Middle Eastern phyllo dough dessert

Bülbül yuvası (عش البلبل), literally "nightingale's nest" or "Bulbuls nest", also known as Swar as-sitt (سوار الست), is a Middle Eastern filo dough dessert. It takes its name from its hollow and circular shape. Having been baked, warm syrup is sprinkled, and the hollow center is filled with walnuts, or pistachios, while at the end, a walnut-half is placed on top of the confection before being served.

==Etymology==

According to the Nişanyan etymological dictionary, the Turkish name bülbülyuvası is a compound of bülbül ("nightingale") and yuva ("nest"), with the possessive suffix -sı, literally meaning "nightingale's nest." The word bülbül itself is a borrowing from Arabic بُلْبُل (bulbul), which is an onomatopoeic term with the same meaning.

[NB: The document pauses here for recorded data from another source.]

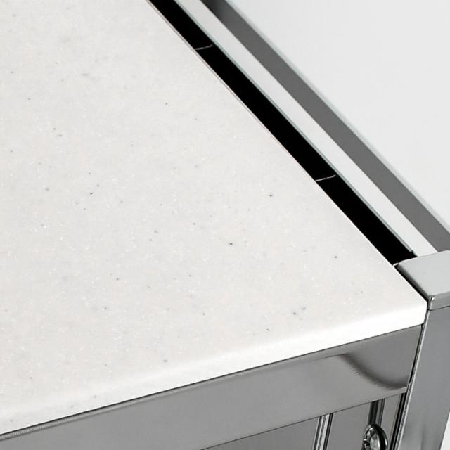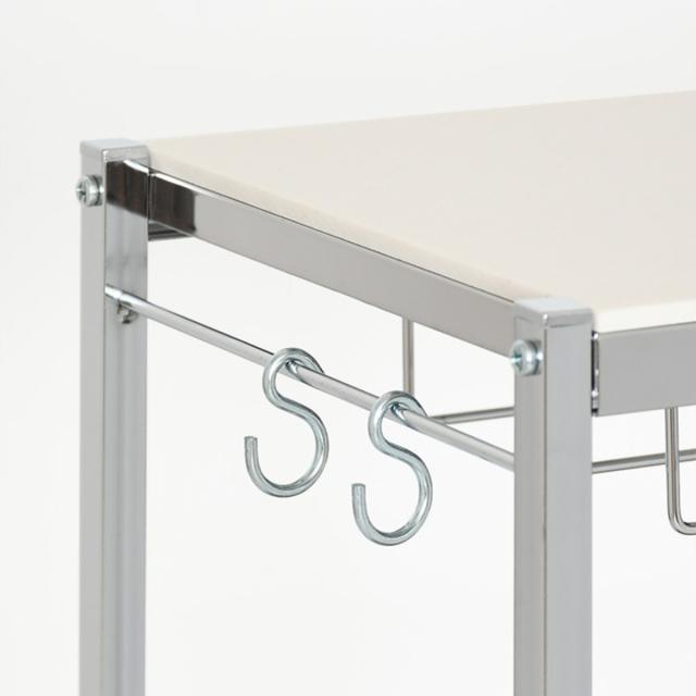 天板に人工大理石を使用したスタイリッシュな作業台です。ステンレスのシルバーに人工大理石のホワイトがアクセントで高級感があります。機能性も充実していて作業台としてはもちろん、収納ボックスを使って食品ストックを入れたり、ステンレスの棚板には電気ケトルなどの小型家電を置いてキッチンラックとしても活躍します。キッチンの他に、洗面所で小物やタオルを収納するのにもぴったりです。
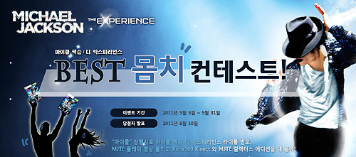 ... 우선 몸치 컨테스트는 게임을 플레이하는 모습을 동영상 또는 사진으로 촬영해 블로그에 포스팅한 뒤 이벤트 페이지에 응모하면 된다. 응모자 중 추첨을 통해 MJTE 컬렉터스 에디션이 포함된 Xbxo360 키넥트 패키지, 한정 마이크와 'Michael' 앨범 등을 증정한다. 다음
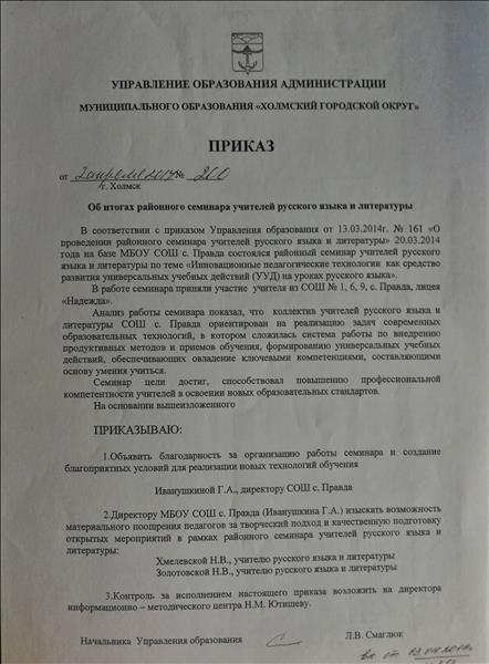 Приказ "Об итогах районного семинара учителей русского языка и литературы" начальника УО администрации муниципального образования "Холмский городской округ" Л.В. Смаглюк от 2 апреля 2014 года
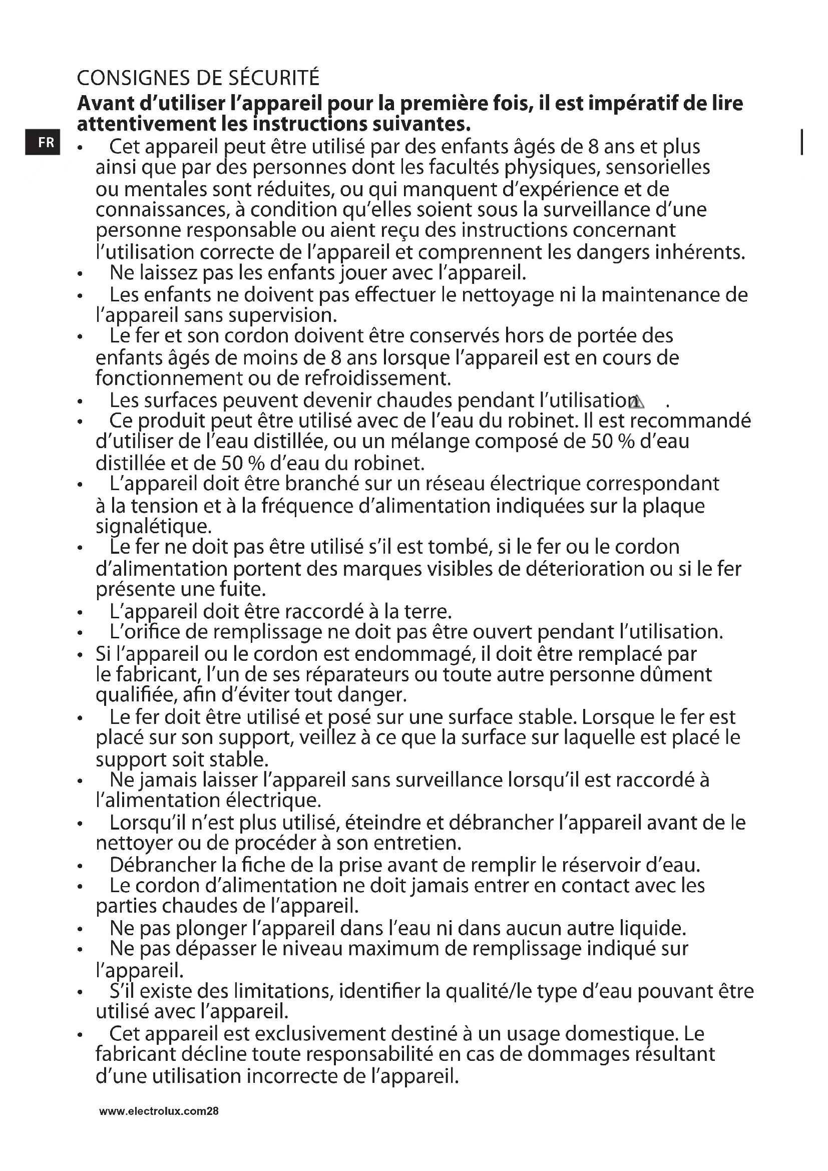 - Cetappareilestexclusivementdestinéàunusagedomestique.Le fabricantdéclinetouteresponsabilitéencasdedommagesrésultant d’une utilisation incorrecte de l’appareil. www.electrolux.com28éLéMENTS A. Semelle B. Indicateur de niveau d’eau maximum C. Goulot de remplissage avec capuchon D. Spray E. Bouton Spray F. Bouton jet de vapeur G. Sélecteurdevapeur/auto-nettoyage H. Voyant d’alimentation

In Arabic, sometimes the name swar as-sitt (سوار الست) is used instead, which is derived from its shape.

==History==
A similar dish dubbed "eat and give thanks" appears in a 13th century Arabic cookbook called Kitab al-Wuslah ila l-habib, it calls for wrapping dough around a dowel, sliding it down form the dowel, and then shaping it into a "cake" and frying it in sesame oil. The dish was also known as ; a Turkish language-name, indicating a possible origin.

An 1844 Syrian and Egyptian Arabic dictionary by Swedish Orientalist Jacob Berggren contained descriptions of a pastry known as nid de rossignol or ʻush al-bulbul (عش البلبل), described as small box-shaped cases made from a dough of flour and butter, filled with minced meat and nuts such as pine nuts, seasoned with pepper and salt, and baked on large metal trays. It also noted sweet variants instead filled with pistachios or almonds. The same book also describes "sowwar es-sitt" (سوار الست) as "madame's bracelet; a pastry prepared in the same way as baklava, and formed into bracelets."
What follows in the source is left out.